Casos de câncer aumentaram consideravelmente na Europa, enquanto a URSS, que tinha prometido transparência, se empenhava em ocultar qualquer informação a respeito. Um médico que fez um estudo sobre o impacto da radiação em fetos foi acusado de “corrupção” pela URSS e preso.
Cerca de 8 milhões de pessoas voltaram a morar em áreas próximas à Zona de Exclusão. A região ainda não está livre da radiação, onde plantações e água ainda apresentam índices altos causando deformidades em recém-nascidos. O médico preso estava correto em seu estudo.

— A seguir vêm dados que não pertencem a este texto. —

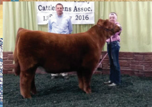
5th Overall Market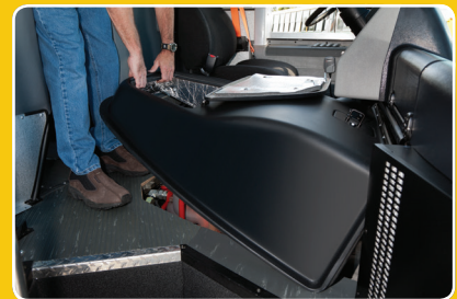
Easy engine access with no tools required.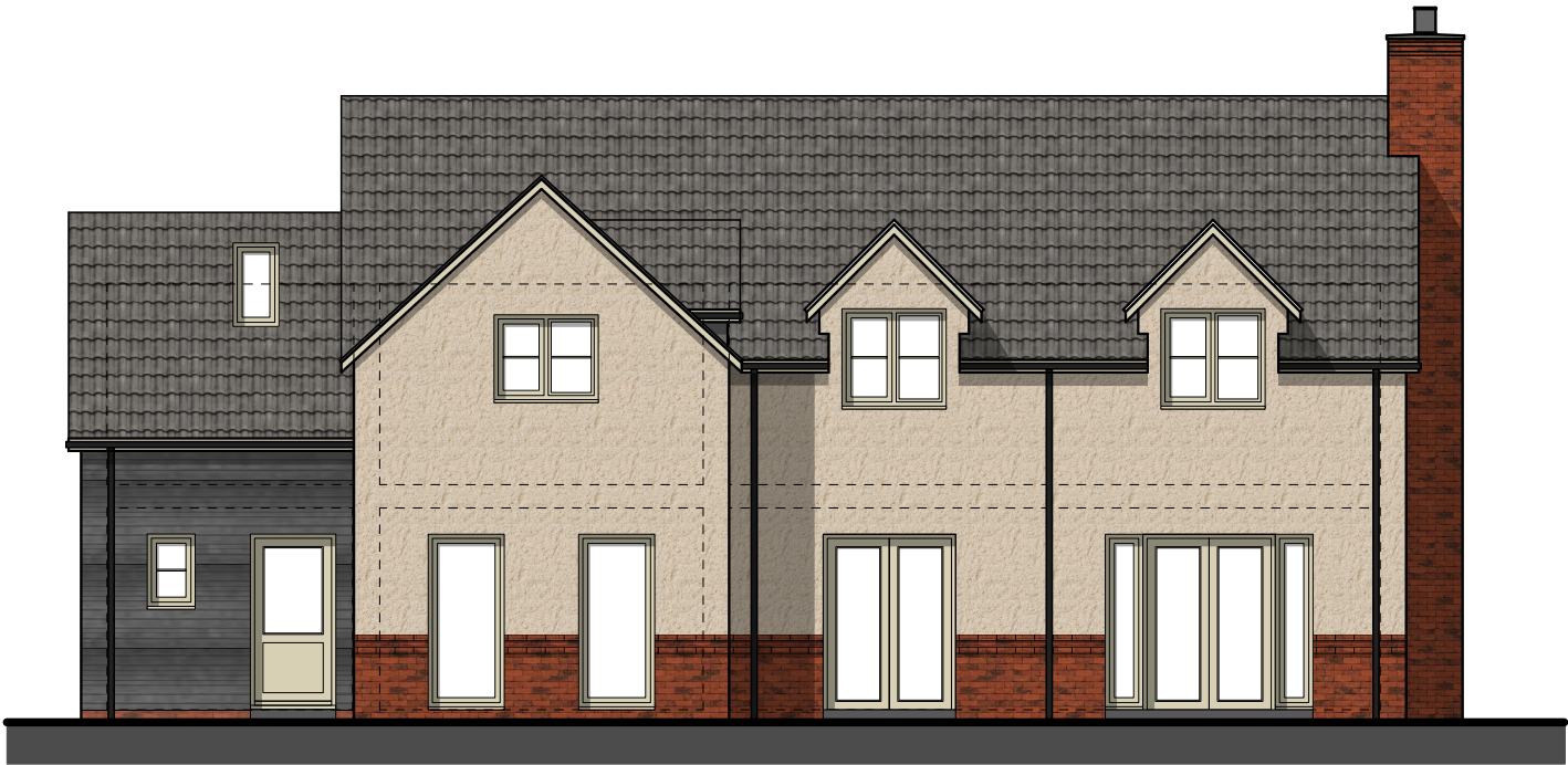
Rear Elevation Plot 8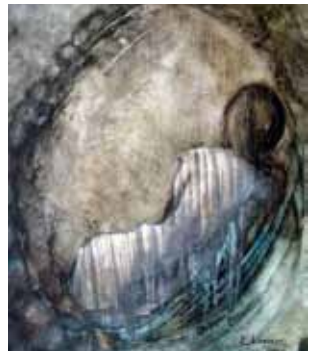
“Painting in veils” technique

This course is for the beginner through intermediate figure drawing student. The instructor will reinforce basic figure drawing fundamentals, drawing from the live model, while embracing each student's own drawing style. Students may also keep a sketchbook/ drawing journal, and participate in an interactive review of their work with the instructor. A basic supply list will be provided upon registration.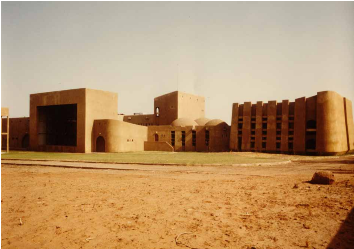
“ONERSOL” Solar Energy Research Centre, Niamey, Niger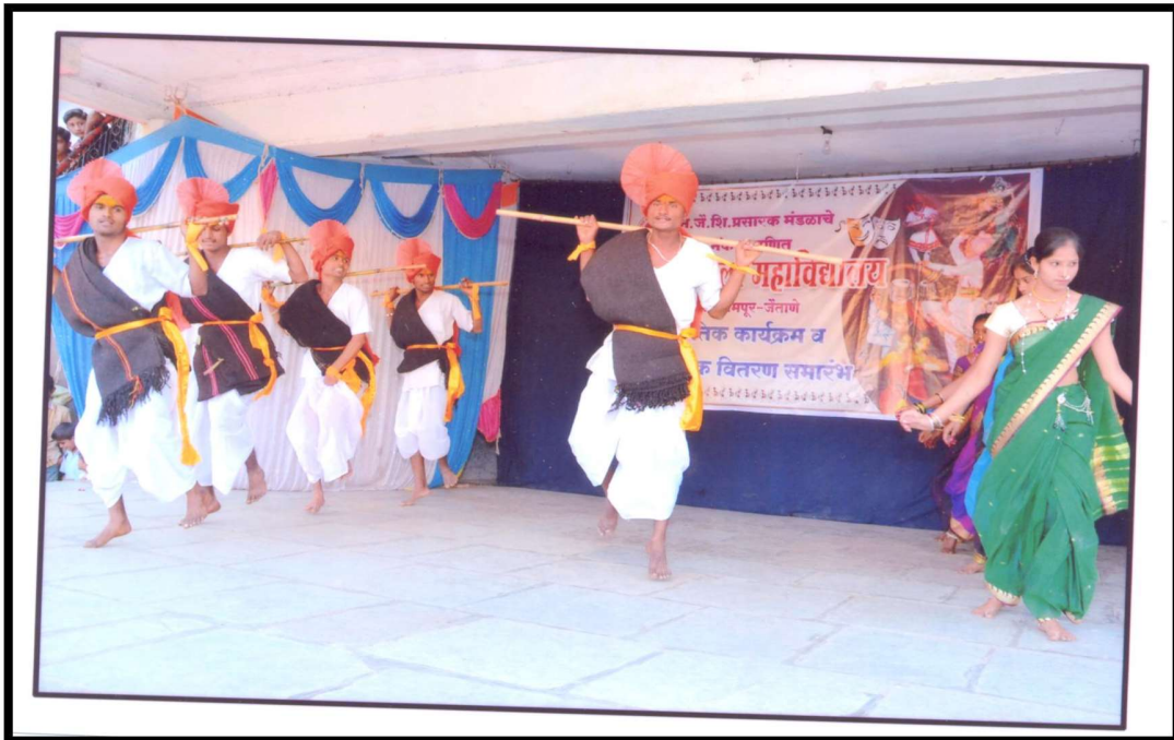
Dhanagar Vyadyat Ghusala Group Dance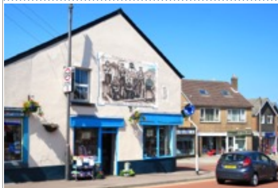
Over the top of Ripping Yarns shop in Belle Vue Road.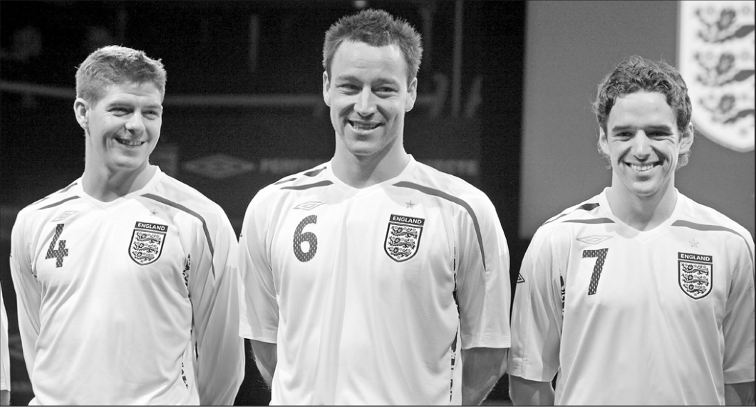
England players (From L-R) Steven Gerrard, John Terry and Owen Hargreaves model their new kit in Manchester on Monday.

admits that it is important to produce an impressive performance ahead of next month's testing qualifier in Israel. He said: "Every game for England is a must-win game and our next qualifier against Israel is definitely in that bracket." "We have got to show the fans and country on Wednesday that we really want to top our group, so it is important to get a good win and a decent performance against Spain." "England versus Spain is definitely a massive game from my point of view because I have a lot of Spanish team-mates at Liverpool and I don't want to return to my club on Thursday having just been beaten by them!" "When we last played Spain a couple of years ago, they gave us a lesson how to play because they were very good technically." "Recent results haven't been what we would have liked, so the challenge ahead of us is to put that right."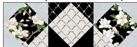
Figure 9 – Make 20.

9. Noting fabric orientation, sew one step 6 patch in between two step 7 patches ( figure 9 ). Press the seams away from center. Repeat to make twenty strips.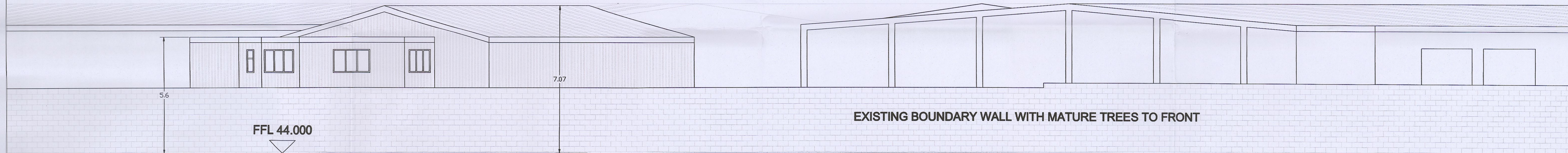
CONTIGUOUS ELEVATION ALONG CANAL SCALE 1:100 @ A1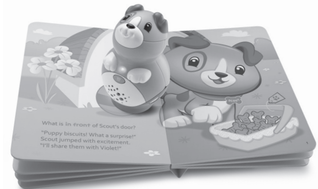
Tag™ Junior book pal* 1-4 years

...to reading discoveries with Tag Junior!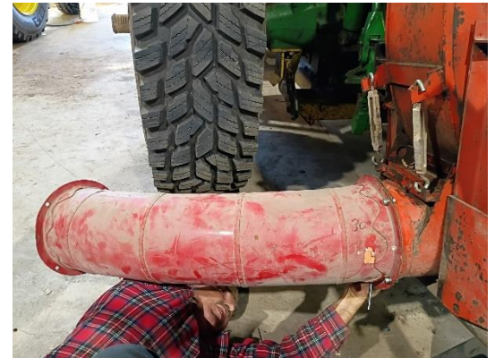
It is a big job getting the leaf blower hooked up to the 7410 so it can clear the leaves before we grade.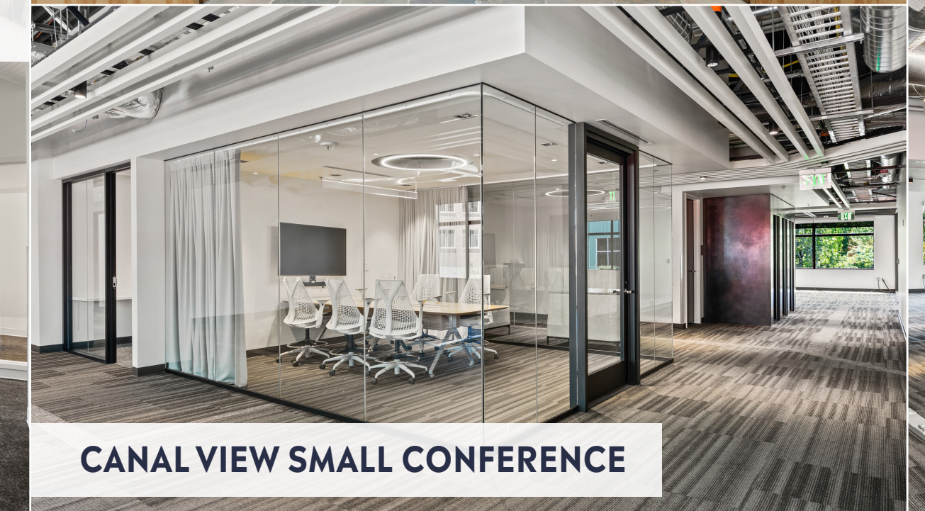
CANAL VIEW SMALL CONFERENCE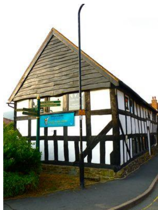
Entertaining Elephants – speciality goods & foods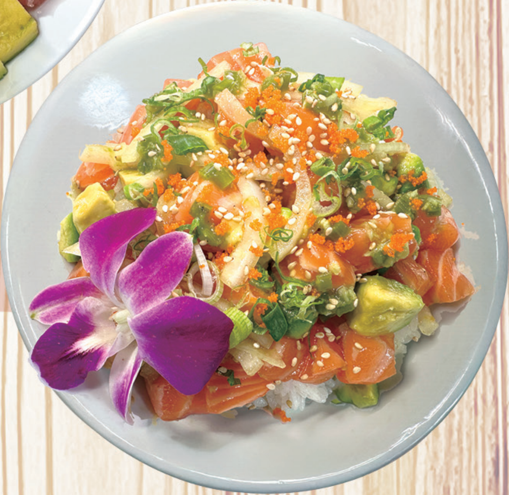
New Wasabi Poke Bowl $17.49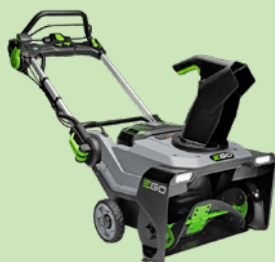
EGO™ Power+ 56-Volt Single-Stage Snow Thrower ($599.99)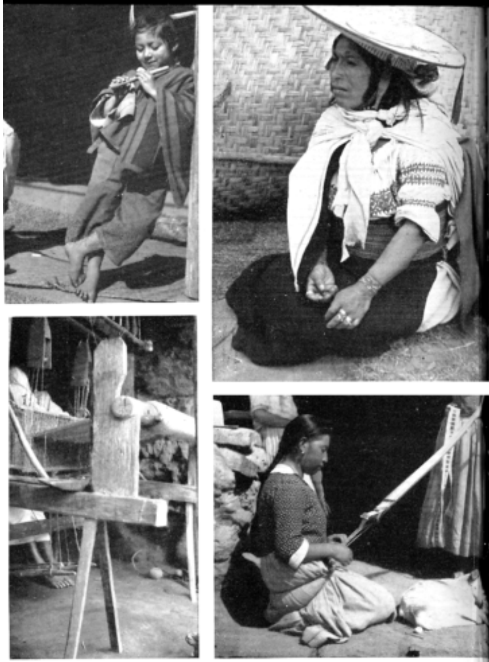
PLATE 162.— Otovalo Indians. Top (left): Children's clothes are a faithful miniature of adult wear. Top (right): Woman at market. Bottom (left): Spanish loom for weaving tweeds for city trade. Bottom (right): An Indian loom. (After Parsons, 1945, pls. 16, 20, 14, and 13.)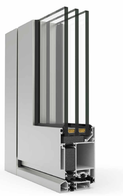
Powder coated aluminium hinged doors - Cortizo Millennium Plus 70 Sizes as approved https://www.cortizo.com/en/sistemas/er/54/millennium-plus-70-door.html

Bricks slips - Same brick model cut by manufacturer's brick cutter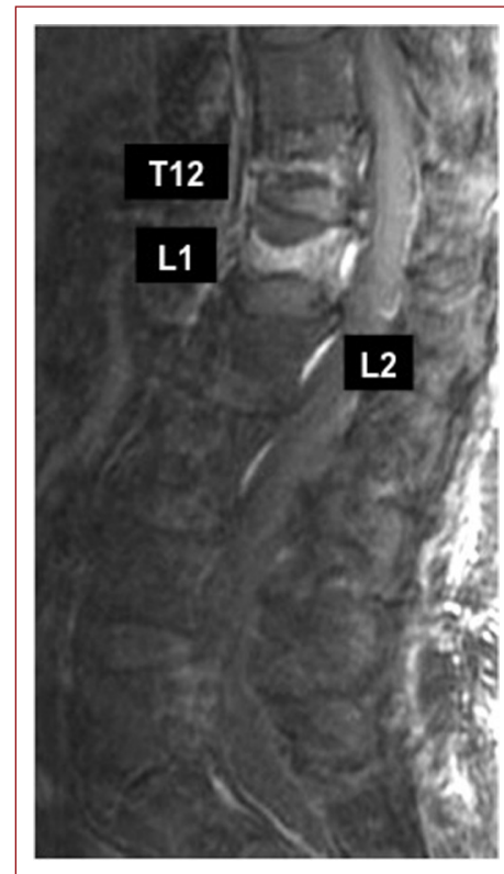
Figure-2. Acute T12–L1 and chronic L2 osteoporotic vertebral compression fractures are shown in the same MRI. In acute fractures, there is typically abnormal contrast enhancement seen on T1-weighted scans with fat saturation.

classification, defined by Magerl, are the most commonly used classifications today 12,17,30 .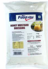
Honey Mustard Dressing

Em frente ao reator número 4, o que explodiu, foi construído um monumento em memória a todas as vítimas do acidente de Chernobyl. Após o acidente, protocolos de segurança para produção de energia nuclear foram revistos e intensificados, mas não só isso…
O míssil mais potente da URSS na época tinha capacidade de 100 vezes a explosão de Chernobyl, e eles tinham 2.700 deles.
A discussão acerca de armas nucleares se intensificou a partir de Chernobyl e protocolos de desnuclearização foram firmados com diversos países.
Após 7 meses de trabalho intenso, o primeiro sarcófago foi concluído. Em 2000 todos os outros 3 reatores já estavam desligados e em 2016 um outro sarcófago foi construído envolvendo o primeiro sarcófago dando mais proteção ao local e tornando-o aceitável para visitação.
Mesmo assim, em alguns pontos os níveis de radiação são ainda muito altos. O nível aceitável de radiação seria 0,15, e no vídeo mostro o mesmo lugar saltando de 0,25 para 14,66. Cem vezes acima do aceitável. Visitantes devem passar por 2 processos de descontaminação (vídeo).
Diferente de Pripyat que se encontra abandonada, a cidade de Chernobyl atualmente possui cerca de 2 mil residentes. Em grande parte, pessoas que ainda trabalham, até hoje, na descontaminação do local e na segurança e monitoramento do sarcófago.